Consider Michael Morton: A day after turning 32, he returned from work to find his wife dead, his home surrounded by law enforcement. Police suppressed key evidence, including a statement from his young son that he saw "a monster" with a "big mustache" bludgeon his mother, and Morton was sentenced to life in prison for the killing. As the former prisoner writes: "It seemed as if the word guilty was still ringing through the courtroom when I felt the cold steel of the cuffs close on my wrists -- a sensation that in the next quarter-century would become as familiar as wearing a wristwatch." Fortunately, DNA evidence exonerated Morton 25 years later -- but not before the real murderer had killed again. The prosecutor's punishment? Ten days in jail.

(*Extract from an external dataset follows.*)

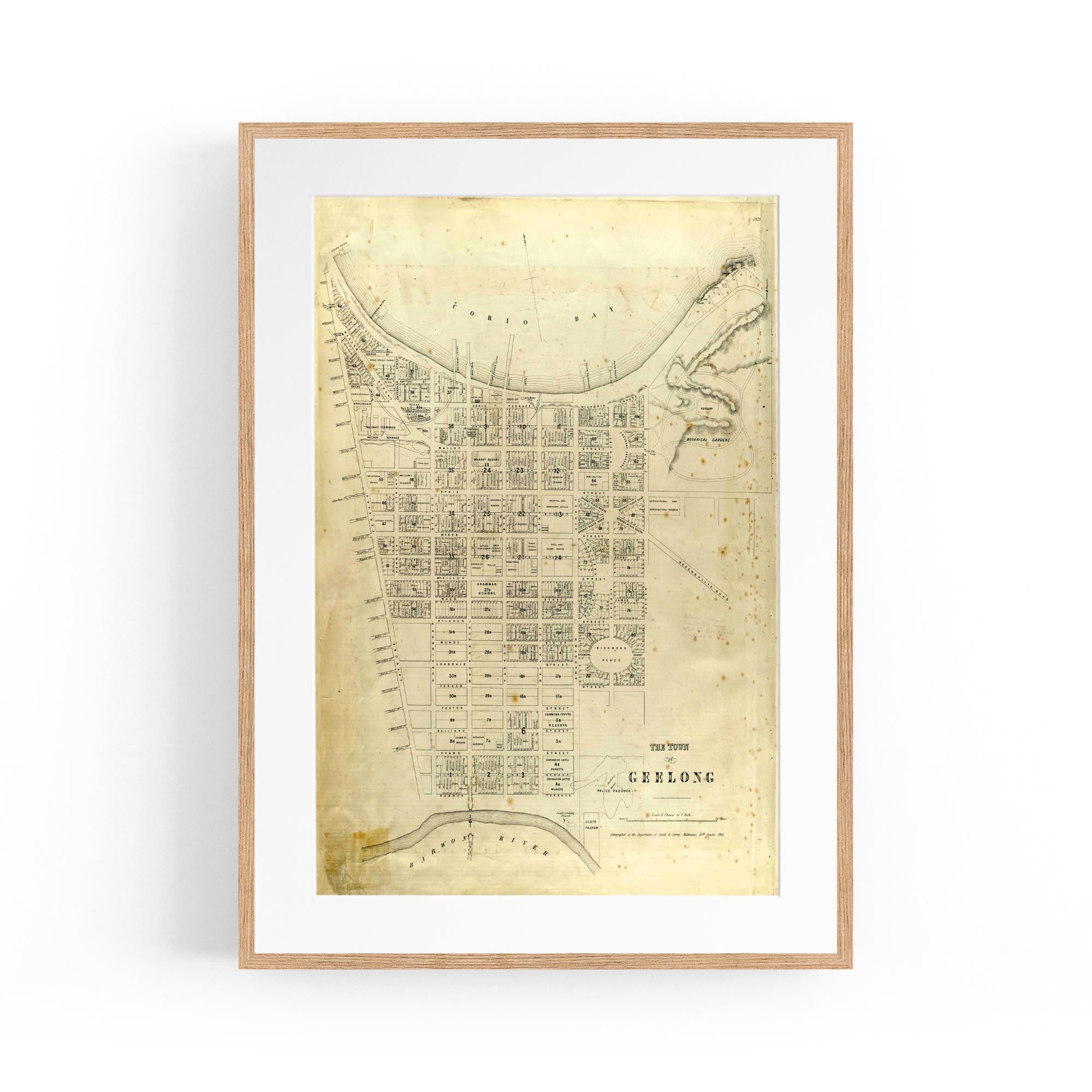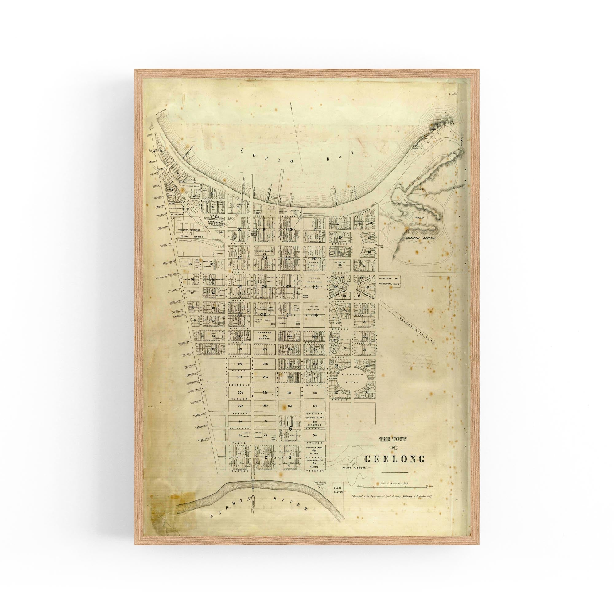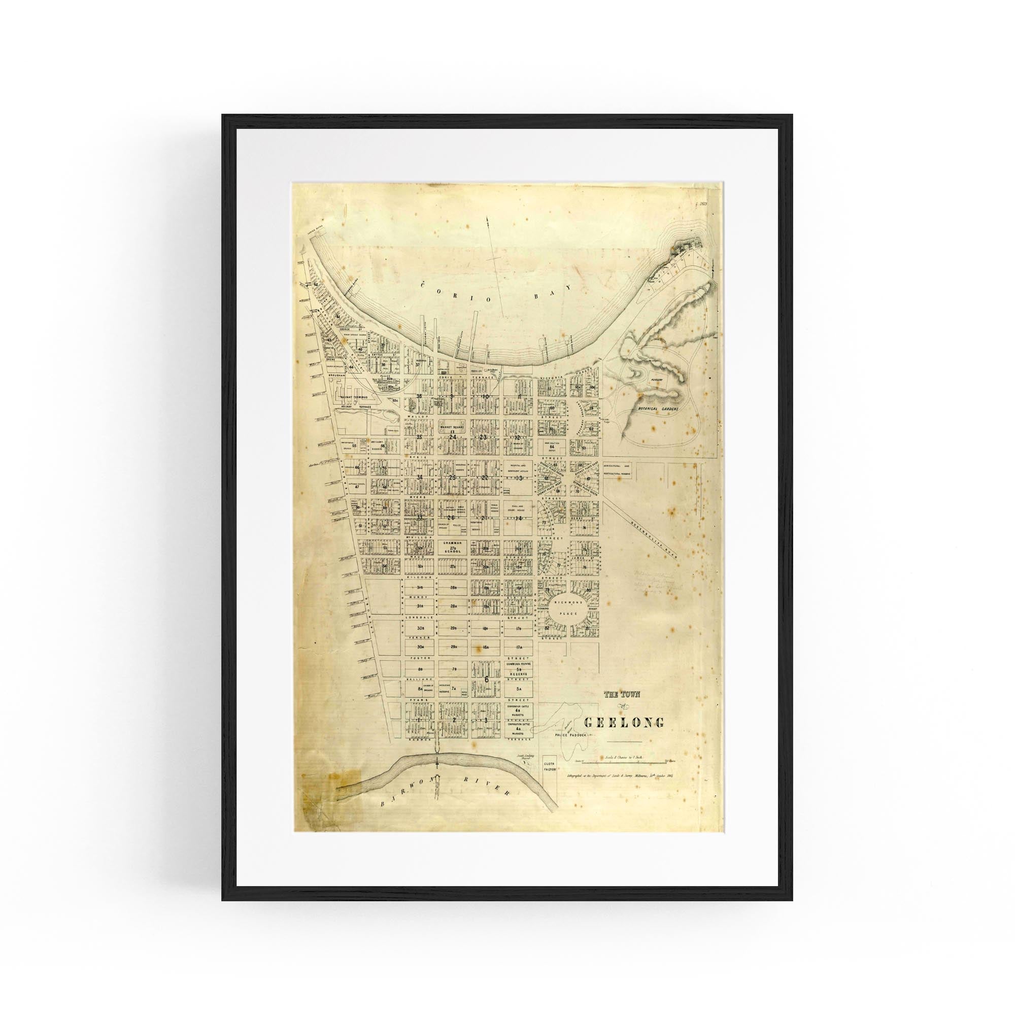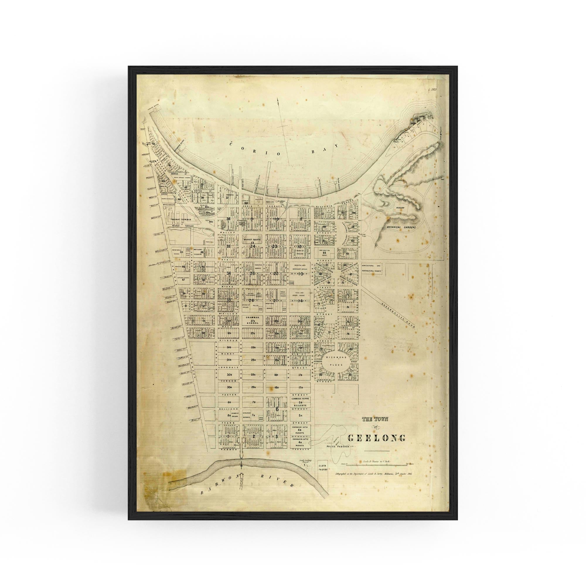 1865 Vintage Map of Geelong, Victoria

Morton is certainly not alone; other innocents languish in prison even now, victims of either trials gone wrong or of intense, indecent pressure to take a plea deal. Even discounting jailed innocents, our prisons are chock-full of inmates handed excessive sentences for relatively petty offenses. But despite all these reasons why defense attorneys are needed now more than ever, lawyers who take up the call to defend those charged with serious crimes habitually find themselves stigmatized rather than congratulated -- even when their clients are eventually acquitted.

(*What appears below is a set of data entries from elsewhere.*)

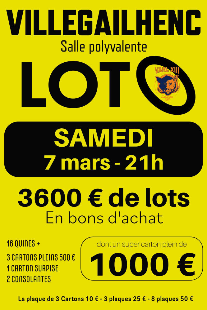 Villegailhenc Aragon rugby league (VARL) organise un loto le samedi 7 mars (21h) avec 3600 € de lots en bons d’achat.
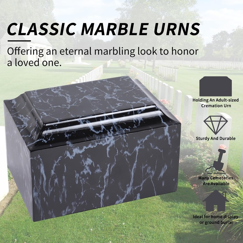 - High Quality Urn: This quality and elegant marble urn can be placed in your home or niche, which is also the best choice for ground burial. But you should always check to confirm cemetery regulations.
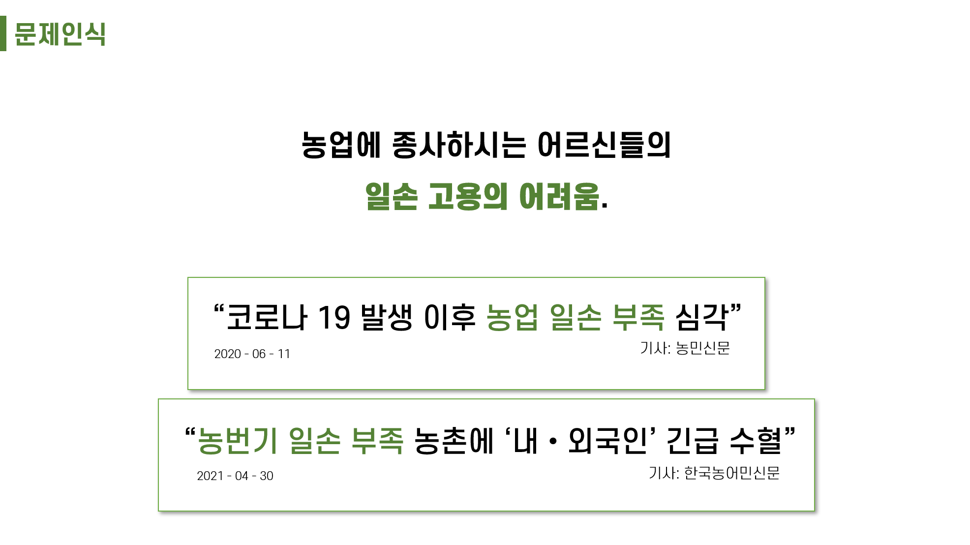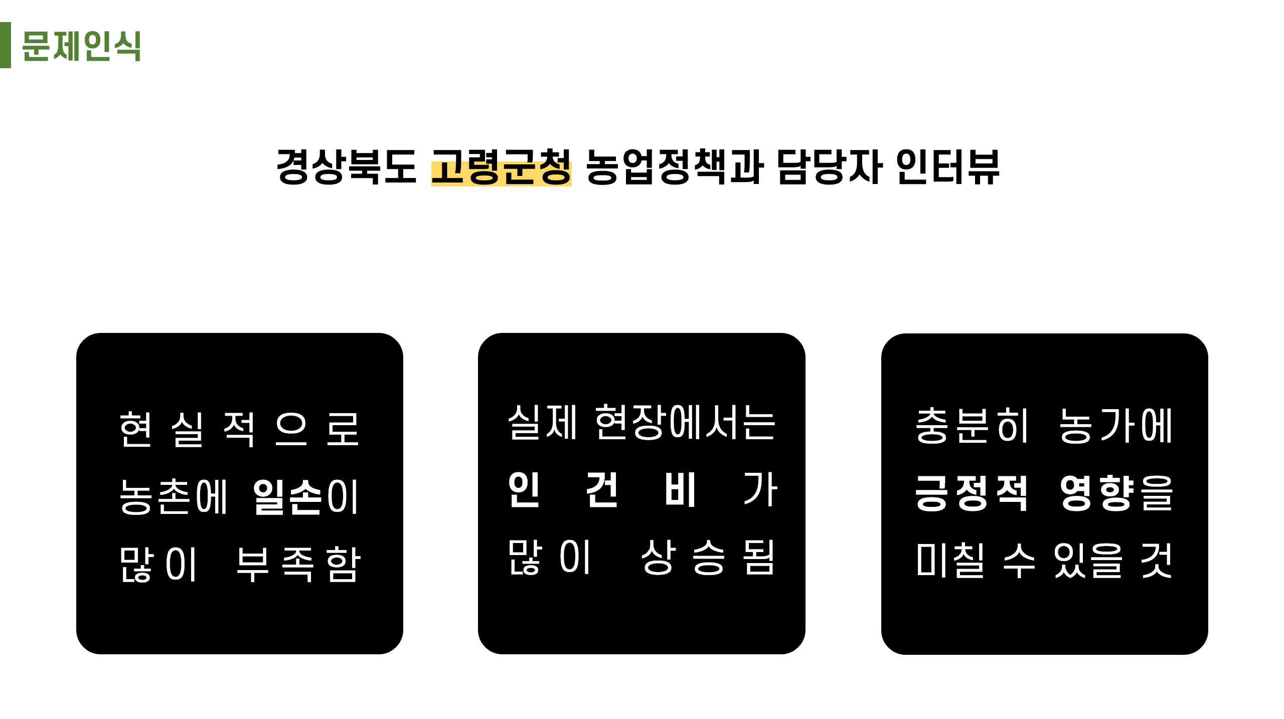 이 문제점들을 검증하기 위해 경상북도 고령군청 농업정책과 담당자와 인터뷰를 진행하였고, '현실적으로 농촌에 일손이 많이 부족하다', '실제 현장에서는 인건비가 많이 상승되었다', '그리하여 우리 서비스가 출시된다면 충분히 농가에 긍정적인 영향을 미칠 수 있을 것이다'라는 응답을 얻었다.

This bias is why prosecutors -- not defense attorneys -- predominate in Congress, why conservatives sounded the siren when President Obama hired a criminal defense attorney, and (most troublingly) why many intelligent and ambitious minds are deterred from defense work. The related prejudices -- that all those charged are guilty, that despite America's obscenely high prison population our sentences are, somehow, too low -- are both causes and effects of the bias against defense attorneys.

As Chief Justice John Roberts, hardly a champion for criminals, wrote in a recent dissenting opinion: "Prosecutors, when they rise in court, represent the people of the United States. But so do defense lawyers -- one at a time." Too many Americans underestimate the constitutional importance of an independent bar with the ability to prevent government overreach. Yet as Justice Roberts wrote, though prosecutors visibly protect society's interests, so do defense attorneys; for a balanced justice system is the bedrock of a fair society -- and defense attorneys, like prosecutors, are an integral part of that bedrock.

So stop the attacks against Hillary Clinton and other politicians with a past in criminal defense work, because defense attorneys are an integral part of our judicial framework. And being a defense attorney shouldn't mean political suicide.